MANAMA // Bahrain's stock exchange is considering a tie-up with another bourse to halt a decline in liquidity, the market's director says.
Low levels of trading have long afflicted the Bahraini market, the second-smallest in the Gulf after Muscat, but volumes have declined further recently with the unrest that has closed most of Manama's financial district and dampened investor confidence across the region.
"It will be important to bring in a strategic partner but all the options are open right now," said Fouad Rahman Rashid, the director of the Bahrain Bourse. "We have to find ways to see an improvement in liquidity [and] we are addressing this."

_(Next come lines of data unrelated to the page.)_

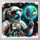Un astronauta solitario flota en el espacio contra el vívido telón de fondo de la Tierra y numerosos cuerpos celestes. Colores vibrantes y detalles intrincados capturan la vastedad y el misterio del universo.
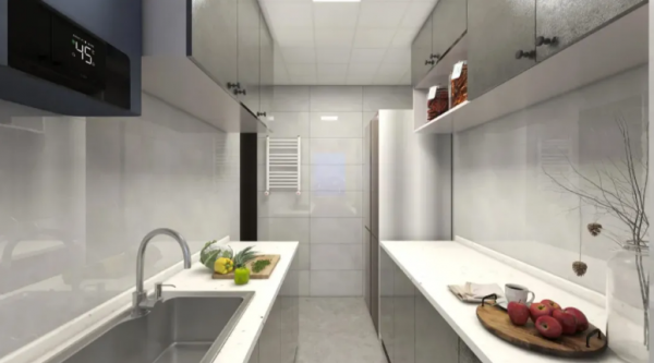 說到“干濕分離”,廚房也采用了這種設計,H形廚房將“水與火”分隔,使廚臺更加干凈整潔。
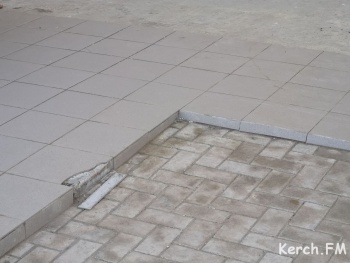 Отколовшаяся плитка с острыми краями перед подъездом так и осталась лежать, на подходе к разрушению другая - это или качество плитки и руки не из того места при укладке.
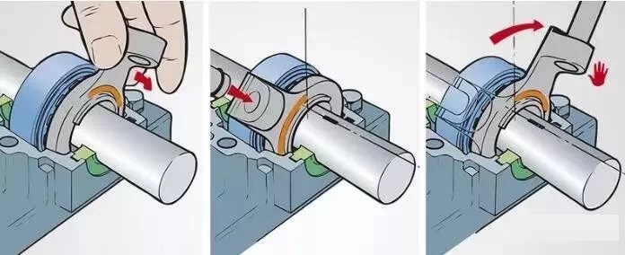 安裝時(shí)對軸承施加的作用力,絕不可通過滾動(dòng)體從一個(gè)軸承圈傳遞到另一個(gè)軸承圈,否則可能會對滾道造成損壞。但在任何情況下,都不可以直接敲擊軸承圈、保持架、滾動(dòng)體或密封件。
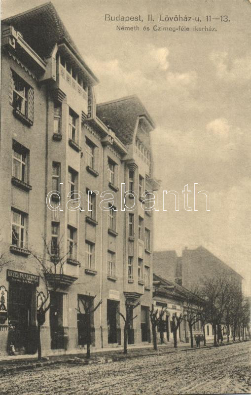 Budapest II. Lövőház u. 11-13. Németh és Czimeg-féle ikerház, Brychta ... https://www.darabanth.com/de/224-Fernauktion/224.0/Ansichtskarten/Ungarn~10006/Budapest-II-Lovohaz-u-11-13-Nemeth-es-Czimeg-fele-ikerhaz-Brychta-Ferenc-uzlete-ragaszt~II983983

Mr Rashid said the market was dominated by big companies who look at long-term investments rather than daily trading.
Unlike some regional markets that are skewed towards retail investors, the Bahrain Bourse is made up mostly of institutions including family offices that tend to buy and sell shares infrequently and in large blocks.
Mumtalakat, the state-owned investment fund, is one of these shareholders and has US$9.5 billion (Dh34.89bn) in assets under management, with shares in some of the biggest companies, including Aluminium Bahrain (Alba), Gulf Air and Bank of Bahrain.
The few individual traders on the Manama market also hold on to shares tightly , said Anthony Mallis, the chief executive of Securities & Investment Company, Bahrain's largest listed brokerage.
A consolidation of all the region's stock exchanges would be one way of addressing the lack of liquidity, Mr Mallis said.
"The opportunities are glaringly obvious," he said, adding that floating shares of large government organisations could also increase trade.
"The nature of investors here is to stuff it under the mat," he added. "That has been a problem for a long time. But it's about floating the right amount at the right time."
Last year, Alba priced its initial public offering on the Bahrain market at the bottom of the proposed range after it drew just enough buyers to cover the listing.
Regional investors cited a lack of liquidity as one reason for the lukewarm response.
Of the 40 companies listed on the exchange, shares in only six companies were traded yesterday.
Despite the unrest, Bahrain's all-share index has fallen by only 3.7 per cent in the year so far. Local institutions own 55 per cent of the Bahrain stock market, while non-Bahrainis, of which most are from the GCC, own 45 per cent.
In January, Bahrain's exchange went a step towards becoming an independent company when it announced plans to devolve its management to the private sector.